** GIVEN DATA follows **

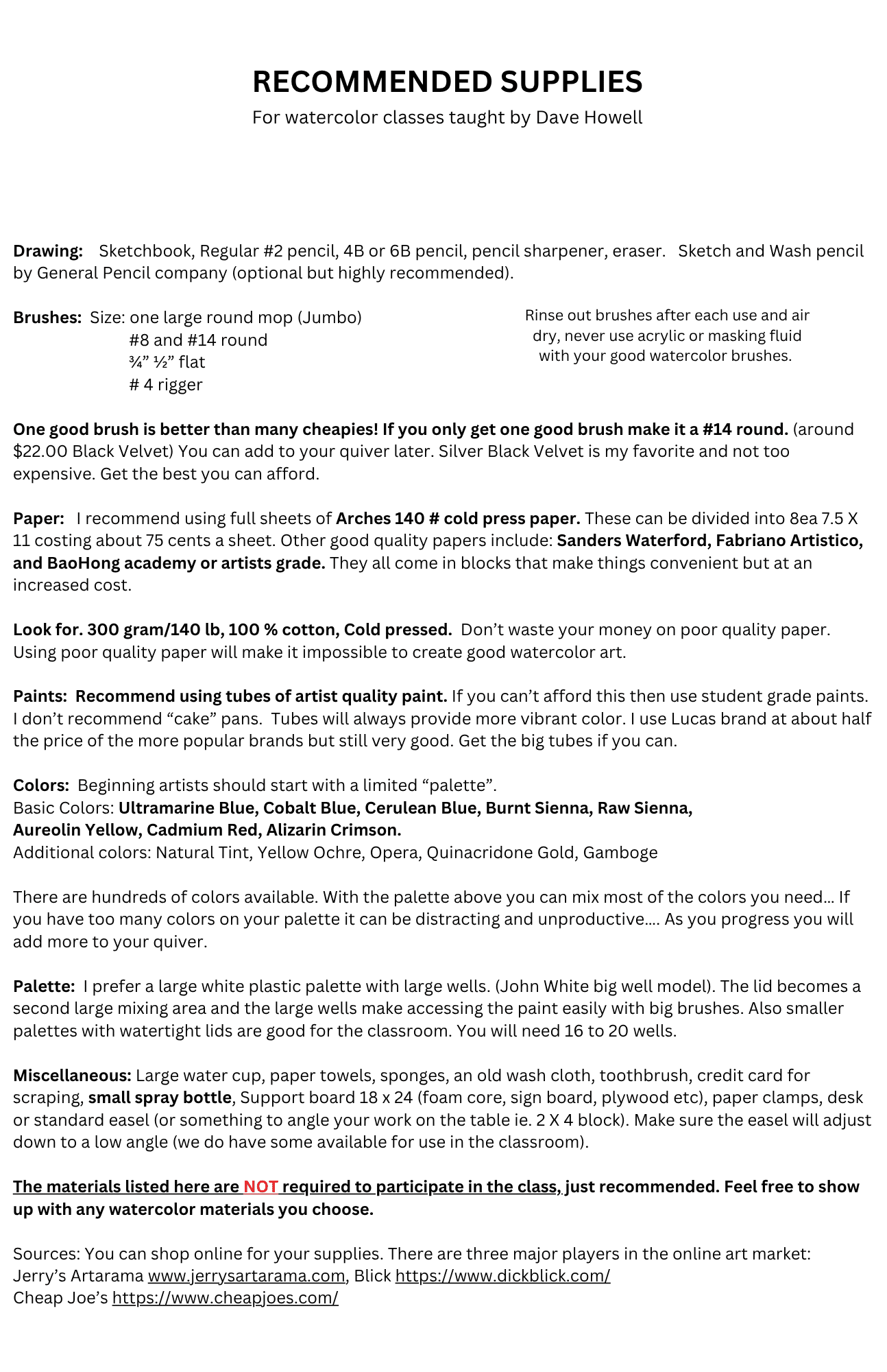 This class is ideal for artists with some watercolor experience who want to loosen up and paint with greater freedom and creativity. Join fellow artists as we explore how to capture the essence of a subject rather than staying “inside the lines.” Dave will share his artistic philosophy, techniques, and design insights to help you paint with confidence and expression. Projects will include landscapes, seascapes, and cityscapes, focusing on interpreting nature as you see it—not simply copying it. Student provides art materials and supplies. Supply kit available for purchase for $140. Supply List
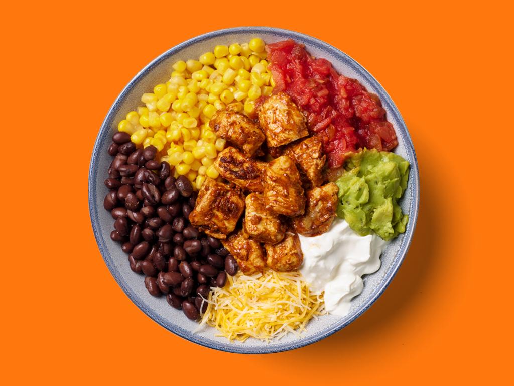 Layer rice in a bowl and top with beans, corn, chicken, guacamole, salsa, cheese and sour cream.
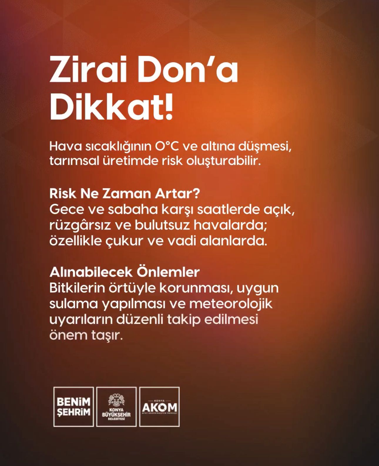 Konya Afet Koordinasyon Merkezi (AKOM) sosyal medya hesabından, çiftçileri zirai don tehlikesine karşı uyardı. Yapılan uyarıda, gece ve sabaha karşı saatlerde açık, rüzgârsız ve bulutsuz havalarda hava sıcaklığının 0 derece ve altına düşmesinin tarımsal üretimde ciddi risk oluşturabileceği belirtildi.
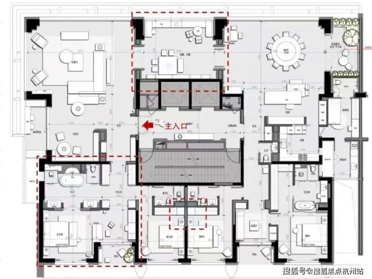 建面约195㎡北向面宽达到约12.5米,堪称IMAX观景面,和黄浦某顶豪275户型面宽数据相近。
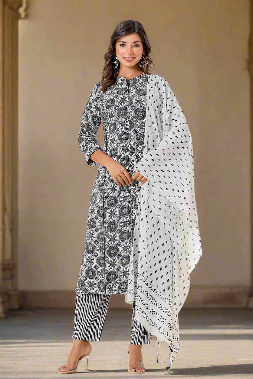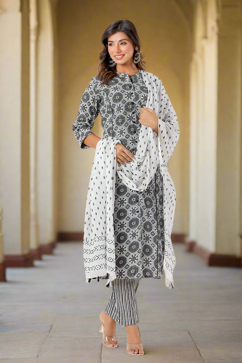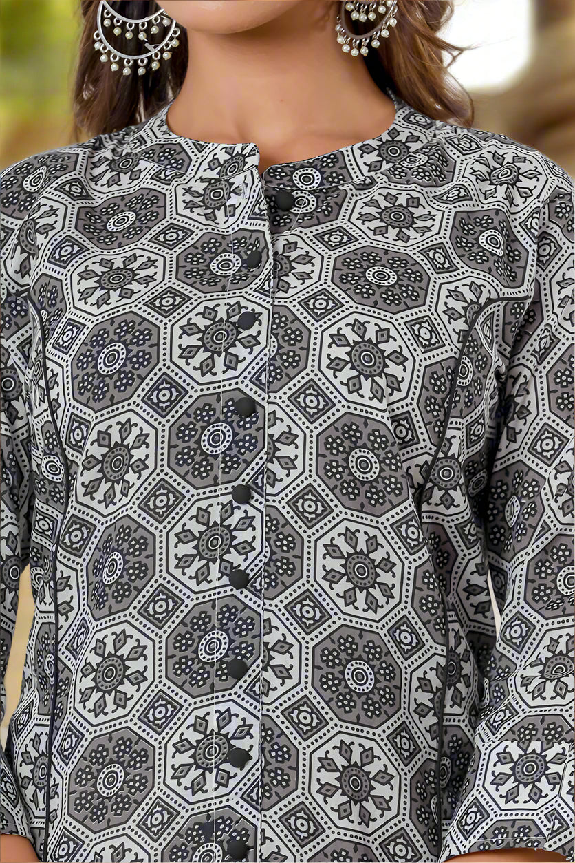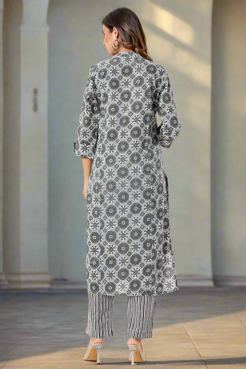 Black Grey Organic Cotton Straight A Kurta
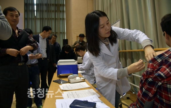 아울러 11일 관내 AI양성농가 발생시 24시간 이내 즉각적인 살처분이 완료 될 수 있도록 예비 인력 150명을 선발해 조류인플루엔자 인체감염 사전교육을 실시, ▲AI 인체감염 예방수칙 ▲관리대책 ▲AI 검체채취 ▲개인보호구 착탈의법 등에 대한 강의와 인플루엔자 예방접종을 실시했다.
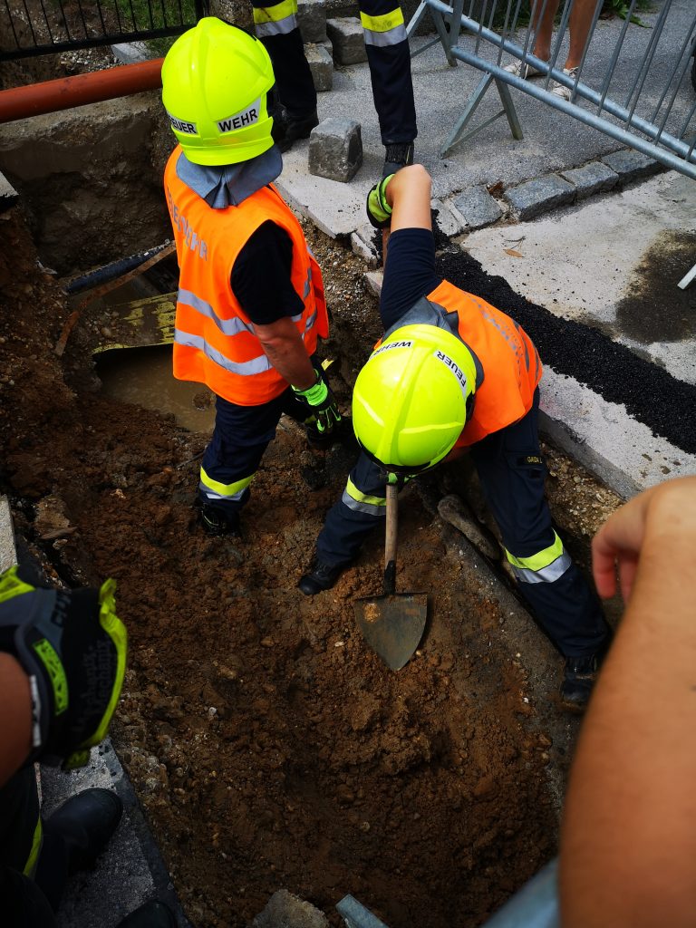 Eine Baugrube war eingestürzt und Leitungen der Fernwärme drohten zu brechen, lautete die Alarmierung. Sofort rückten wir mit RLFA1 und VRFA zum Einsatzort aus.Vor Ort wurde festgestellt, dass eine Asphaltplatte in die Baugrube gerutscht war und auf den Leitungen der Fernwärme lag. Wir entfernten diese händisch.
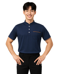POLO訂製|立領短袖 中性|丈青配土黃|<span>PCANB-S41-00484</span>
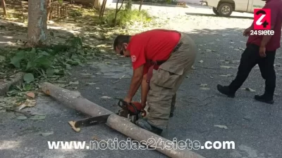 Las emergencias se registraron en diversos sectores de la ciudad, donde varios árboles terminaron sobre vehículos estacionados y cables eléctricos, generando riesgos y bloqueos temporales.
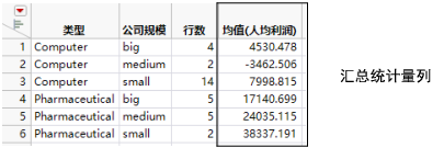 包含汇总统计量列的汇总表的示例
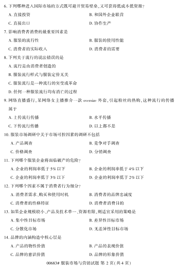 2019年10月浙江自考00683服裝市場與營銷試題
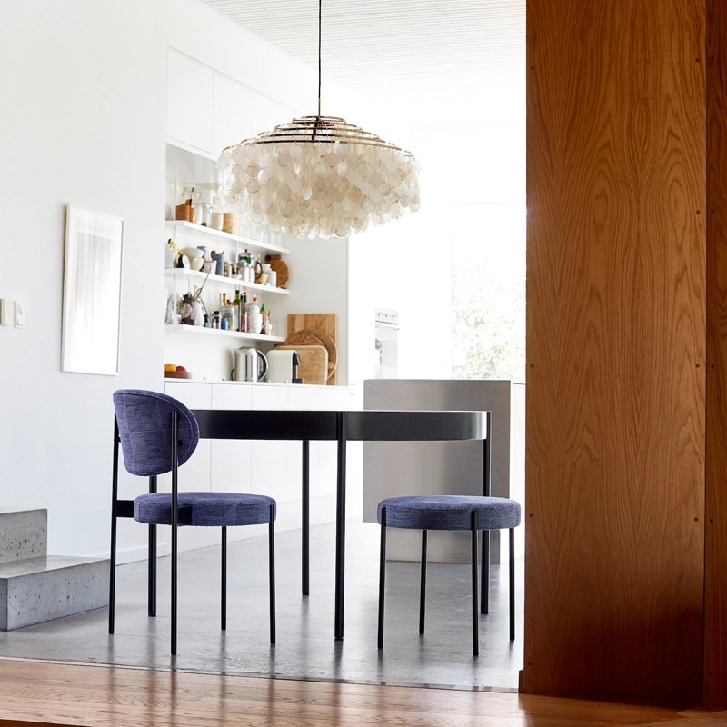 Avec Series 430, Verner Panton a conçu une table ronde qui met tout le monde au centre et maximise la convivialité. Créée en 1967 et toujours actuelle, elle est suffisamment légère pour que vous puissiez la déplacer selon vos besoins pour s'adapter à différentes utilisations : table de repas dans la salle à manger, une table pour jouer aux cartes dans le salon ou à une surface de travail supplémentaire dans la cuisine. Disponible en Fenix noir ou blanc et déclinée en deux diamètres, la table Series 430 trouve sa place dans tous les styles d'intérieurs, grâce à ses lignes épurées?
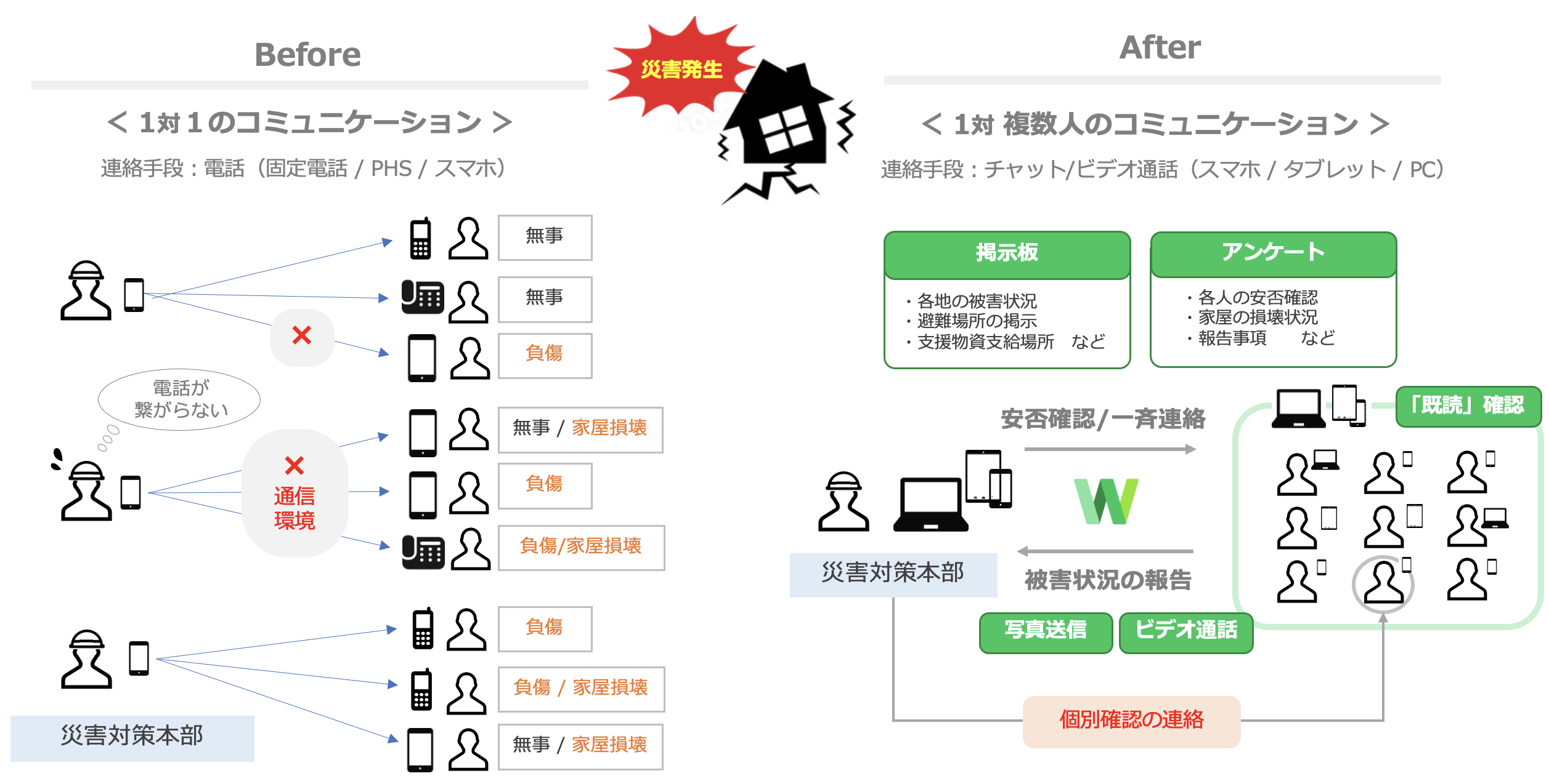 ワークスモバイルジャパンは、「LINE WORKS」の提供と、実運用への組み込みやBCP策定時のサポート・助言を行い、3社で密に協力し合いながら、実際の緊急時にも有効となる体制を整えてきました。
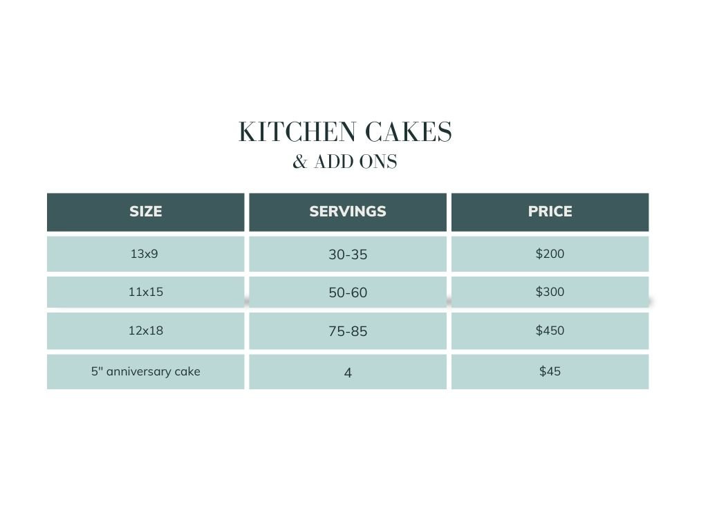 A reduced price per serving is offered on wedding kitchen cakes and pick up orders. Learn more about the increased price for delivered wedding cakes on our FAQ page
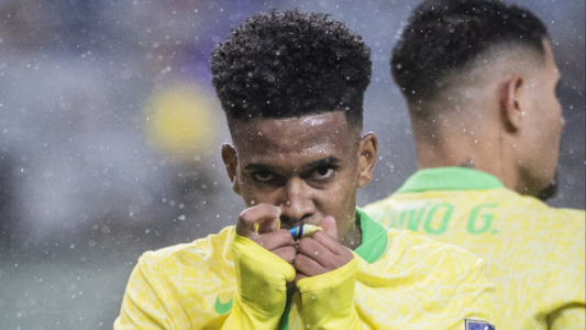 O Brasil chegou com perigo nos minutos iniciais em chutes de Rodrygo e Vinicius Junior, até que o primeiro gol foi marcado, aos 13 minutos, com Estêvão

** End of GIVEN DATA **

## DIRECTIONS
Leaving out every picture, repeat exactly the lines of the records from the start through the line that has "Black Grey Organic Cotton Straight A Kurta".

## TASK RESULT
 This class is ideal for artists with some watercolor experience who want to loosen up and paint with greater freedom and creativity. Join fellow artists as we explore how to capture the essence of a subject rather than staying “inside the lines.” Dave will share his artistic philosophy, techniques, and design insights to help you paint with confidence and expression. Projects will include landscapes, seascapes, and cityscapes, focusing on interpreting nature as you see it—not simply copying it. Student provides art materials and supplies. Supply kit available for purchase for $140. Supply List
 Layer rice in a bowl and top with beans, corn, chicken, guacamole, salsa, cheese and sour cream.
 Konya Afet Koordinasyon Merkezi (AKOM) sosyal medya hesabından, çiftçileri zirai don tehlikesine karşı uyardı. Yapılan uyarıda, gece ve sabaha karşı saatlerde açık, rüzgârsız ve bulutsuz havalarda hava sıcaklığının 0 derece ve altına düşmesinin tarımsal üretimde ciddi risk oluşturabileceği belirtildi.
 建面约195㎡北向面宽达到约12.5米,堪称IMAX观景面,和黄浦某顶豪275户型面宽数据相近。
 Black Grey Organic Cotton Straight A Kurta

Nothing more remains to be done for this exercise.